Design Studio 15 ARCHIVE
Tutors: Sean Griffiths & Kester Rattenbury
Sean Griffiths is an artist and architect. He was a founder and director of the practice FAT, and now practices as Modern Architect, undertaking gallery-based installations, public art works and architectural projects.
Kester Rattenbury is an architect and writer. She is the author of This Is Not Architecture, the Supercrit Series (with Samantha Hardingham), she led the Archigram Archival Project, and her new book The Wessex Project, Thomas Hardy Architect is due out in November 2017.
Without Elevation
DS15 is an experimental studio which investigates the development of new design methodologies that offer radical alternatives to the creative processes and ideas that inform architectural design.
The work we do is part of an ongoing critical investigation of the relationship between architecture and its modes of representation. In the same way that traditional musical scores limit to a very small number of sounds what can considered music, we contend that architectural drawings are also inadequate to the task of designing and representing architecture. They create distorted representations of buildings and environments presenting them not as close-up encounters that unfold in time, but as discrete formal objects at dislocated scales. In focusing exclusively on the visual, they limit the potential for architecture to engage with, and choreograph senses other than sight. No one would confuse the act of reading a musical score with that of listening to piece of music, and yet as architects, do we not continually speak of plans, section and elevations as if they were buildings and not representations? In DS15 we challenge this, exploring other ways of experiencing, describing and making our work.

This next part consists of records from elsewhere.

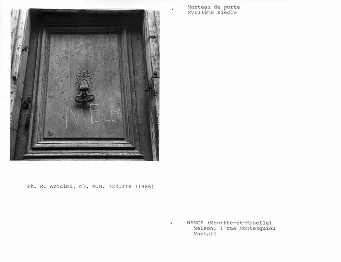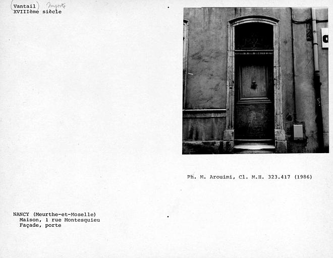 La porte d'entrée, vantaux et imposte compris : inscription par arrêté du 12 avril 1944
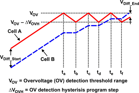 電池平衡算法只使用電壓發散作為平衡標準,具有過平衡(或欠平衡)的缺點,這是由于存在阻抗失衡影響(請參見圖3和圖4)。問題是,電池阻抗還會在充電期間引起電壓差異(VDiff_Start和VDiff_End)。簡單的電壓電池平衡并未區分是電量失衡還是阻抗失衡。因此,這種平衡不能保證完全充電后所有電池均獲得100%的電量。
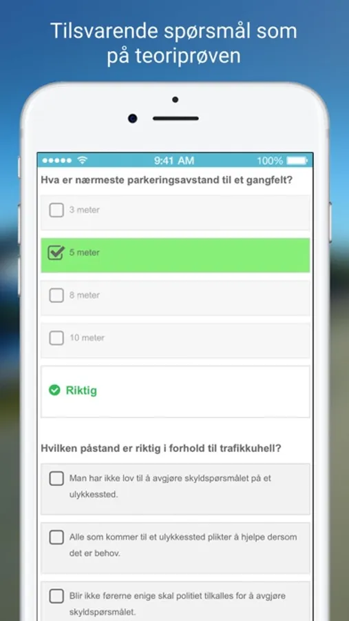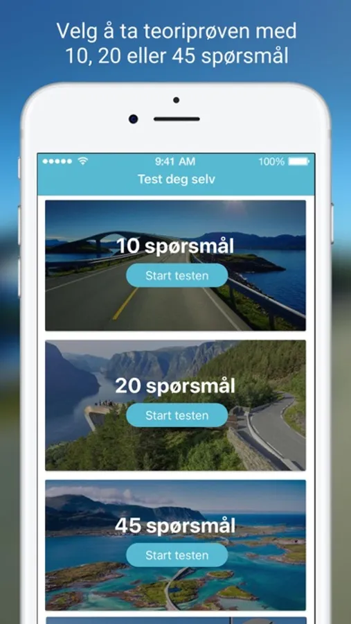 • Velg mellom full teoriprøve med 45 spørsmål og raskere tester med 10 eller 20 spørsmål
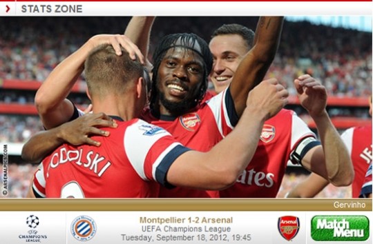 아스널은 19일(이하 한국시간) 프랑스 스타드 드 라 모송 스타디움에서 열린 '2012/2013 UEFA 챔피언스리그' 조별예선 B조 1차전에서 루카스 포돌스키와 제르비뉴의 릴레이골을 앞세워 몽펠리에를 2-1로 꺾고 첫 승을 신고했다.
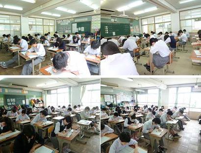 洛北確認テストが始まりました。2限に各学年を回ってみました。写真は上から1年生・2年生・3年生の順です。
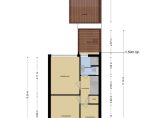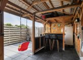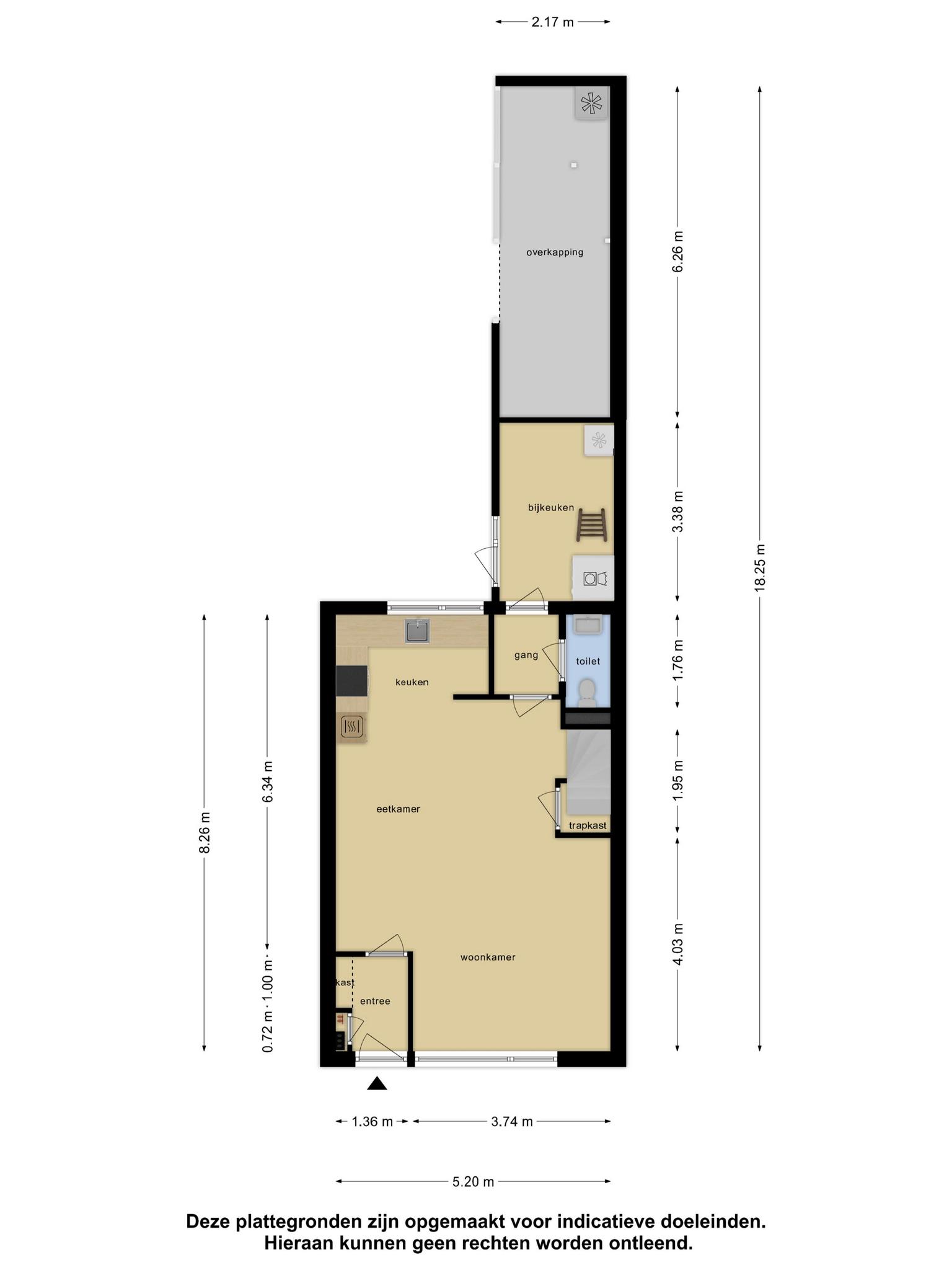 Entree/hal, meterkast, gezellige woonkamer voorzien van een laminaatvloer, tussen halletje met toegang tot het toilet met hangend closet en een wasbakje, keuken met daarin een L-blok met een 4 pits inductiekookplaat, afzuigkap, combimagnetron en vaatwasser uit 2024 aangebouwde berging/bijkeuken, toegang tot de achtertuin met heerlijke overkapping met bar.

This year we will be focusing on the performative aspects of architectural drawings, looking at the idea of the drawing as an instruction for action and performance. We will be inventing new types of architectural drawings (which might not be recognisable as drawings at all) and using them as the basis to build at 1:1 scale. As in previous years we will be drawing on relationships between music and space. We will look at how musical scores can be created using “chance operations” as in the work of John Cage and how composers like Morton Feldman used new types of musical scores to introduce indeterminacy into the performance of music.
Just as these methods allowed for the creation of new types of music, you will be inventing analogous techniques for the creation of new types of architecture. You will be designing from the inside out, not from the elevated overview of the plan. You will be drawing, spilling paint, performing, sculpting snow, making things, composing music and designing in ways that allow you to divest yourselves of your prejudices, tastes, rationalizations and preconceptions and to enter the world of your subconscious. You will become a nomad in a land that you don’t know or understand, a dangerous territory that you will have to inhabit and map from first principles. It is of course, a terrifying place to be, but ultimately a creative, liberating and rewarding one.

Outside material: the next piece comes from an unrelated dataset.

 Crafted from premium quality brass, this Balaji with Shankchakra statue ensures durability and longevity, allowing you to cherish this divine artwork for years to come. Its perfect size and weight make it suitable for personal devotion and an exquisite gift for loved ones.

Appropriately our site will be of a similarly extreme character. The town of Tromsø in Northern Norway is 350 miles above the arctic circle. It is home to the nomadic Sami people and is lit in winter only by the Northern Lights. We will be visiting Tromsø and using our new design techniques to make a building with a musical theme. It will be an adventure in every respect. If you think you have dangerous streak, join us for some fun in the studio and in the snow.